# Cattle trailers in texas



## harmon (Jun 15, 2013)

I need to go to Austin this weekend to get some livestock and need to confirm Texas doesn't require tags on cattle trailers. Probably a dumb question but I need to know nonetheless. 

Thanks in advance


----------



## aoconnor1 (Jun 19, 2014)

Here is what our state requires...I have also added their contact info if you need to give a call...

Texas Registration for Trailers
All non-farm trailers operating on public roads require registration.
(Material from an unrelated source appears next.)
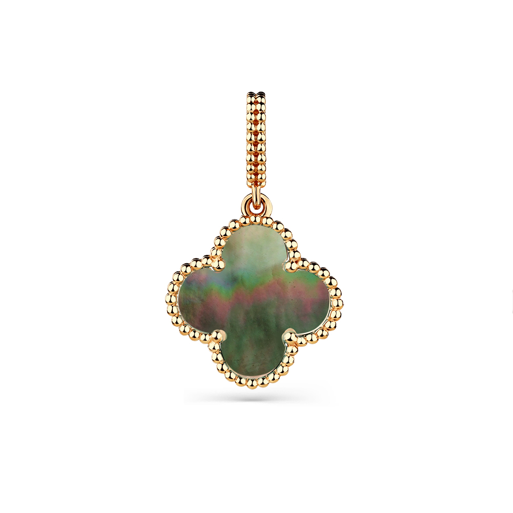 Декоративная подвеска Клевер с перламутром выполнена из красного золота 585 пробы. Чудесная подвеска с дизайном в форме четырехлистника, с переливчатым блеском черного перламутра, внесет яркий привлекательный акцент в стильный женственный образ. Приобретайте очаровательное ювелирное украшение по выгодным ценам в магазинах Мир Золота.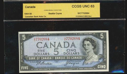 BC-39ai 1954 $5 Beattie-Coyne CBN S/C7702684 CCGS UNC63.

The exact requirements vary by trailer type and weight.

Manufactured Trailers
Trailers heavier than 4,000 lbs. (gross weight) must be titled.

To get a title, visit your county tax office with:

Proof of ownership (Manufacturer Certificate of Origin, title, Bill of Sale).
A completed Application for Texas Certificate of Title (form 130-U).
Payment for registration fees.
Farm Trailers
Farm trailers do not have to be registered or titled unless excessively large.

Trailers under 4,000 lbs. are not required to be titled or registered.
Farm trailers weighing more than 4,000 lbs., but less than 34,000 lbs., are exempt from titling and qualify for farm trailer license plates (see below).
Trailers weighing more than 34,000 lbs. must be titled, registered, and display regular trailer license plates.
Farm Trailer License Plates
Farm trailers weighing more than 4,000 lbs. but less than 34,000 lbs. qualify for a farm trailer license plate if restricted to hauling agricultural products or livestock on Texas roads.

Complete Application for Farm Trailer/Semitrailer, Farm Truck, or Farm Truck Tractor License Plates (Form VTR-52-A).
Pay the $5 farm trailer license plate fee.

Travis County Registration & Titling
5501 Airport Blvd.
Austin, TX 78751
(512) 854-9473


----------



## harmon (Jun 15, 2013)

Thank you sir

I figured no southern states would require it but wasn't sure


----------